The material below has pictures in it. Set down only the lines from the line containing "Alexis 2-in-1 Duvet" through the line containing "Шнур NIKOMAX волоконно-оптический, соединительный, многомодовый", word for word, and leave the pictures behind.

═══ RECORDS ═══

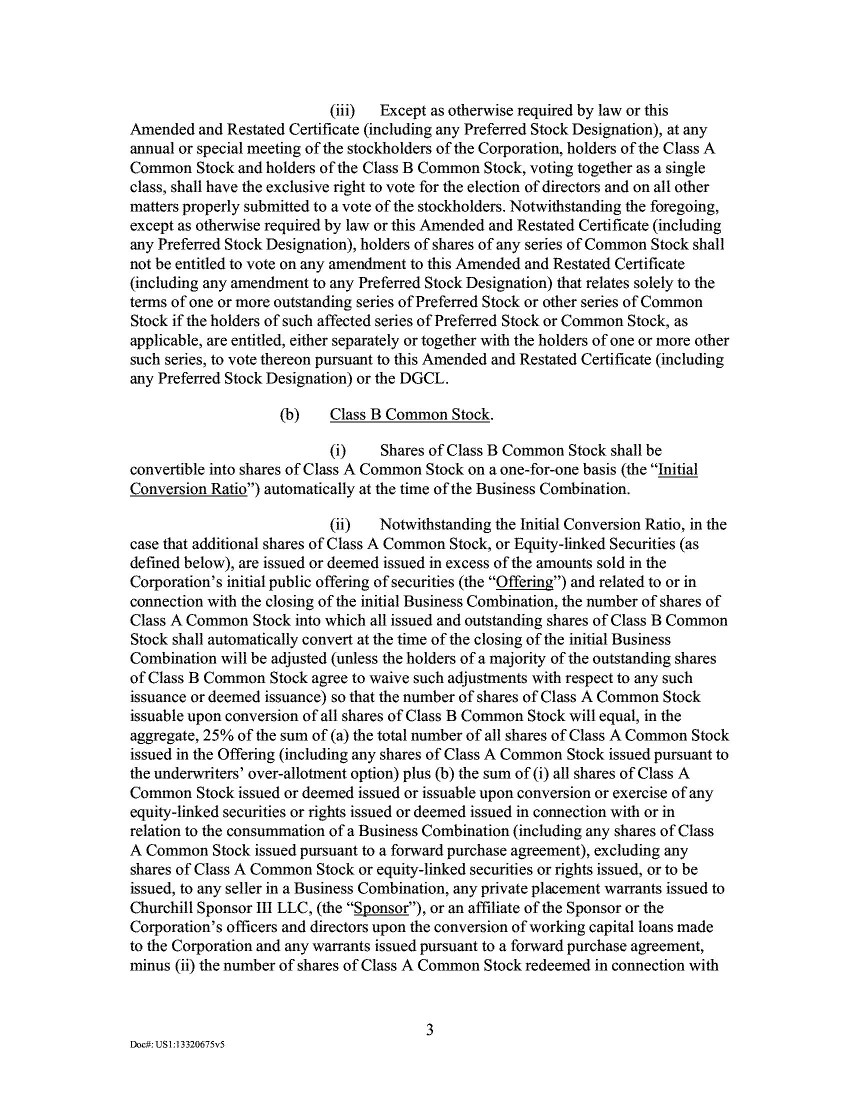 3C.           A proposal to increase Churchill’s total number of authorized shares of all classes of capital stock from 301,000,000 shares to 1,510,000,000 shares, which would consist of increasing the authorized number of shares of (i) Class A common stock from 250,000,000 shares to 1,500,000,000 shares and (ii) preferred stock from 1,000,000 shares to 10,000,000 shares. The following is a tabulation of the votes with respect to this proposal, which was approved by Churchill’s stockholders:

═══
═══ RECORDS ═══

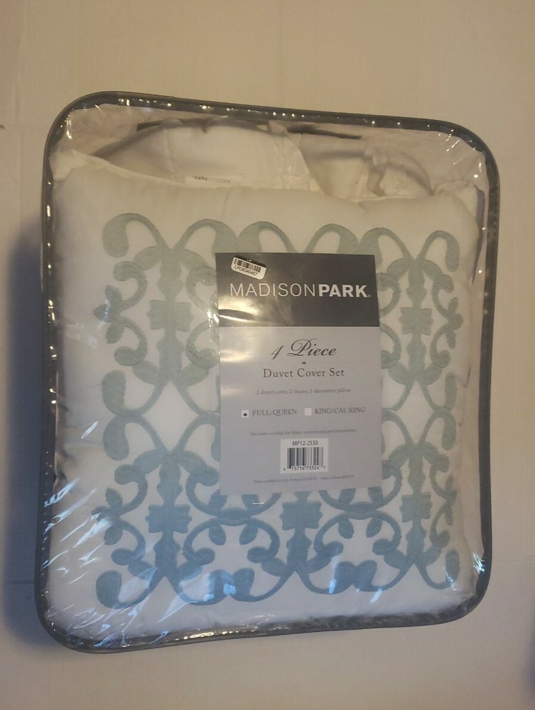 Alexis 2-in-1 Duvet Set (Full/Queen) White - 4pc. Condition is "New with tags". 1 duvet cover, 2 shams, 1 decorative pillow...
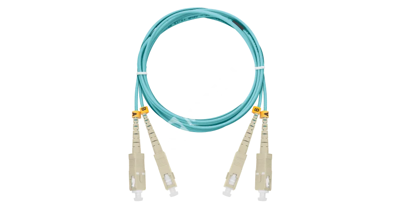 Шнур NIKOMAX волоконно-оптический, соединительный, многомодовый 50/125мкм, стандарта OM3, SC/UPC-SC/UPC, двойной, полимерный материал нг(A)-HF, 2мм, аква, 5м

═══

- [OUTPUT FOR THIS TASK]:
 Alexis 2-in-1 Duvet Set (Full/Queen) White - 4pc. Condition is "New with tags". 1 duvet cover, 2 shams, 1 decorative pillow...
 Шнур NIKOMAX волоконно-оптический, соединительный, многомодовый 50/125мкм, стандарта OM3, SC/UPC-SC/UPC, двойной, полимерный материал нг(A)-HF, 2мм, аква, 5м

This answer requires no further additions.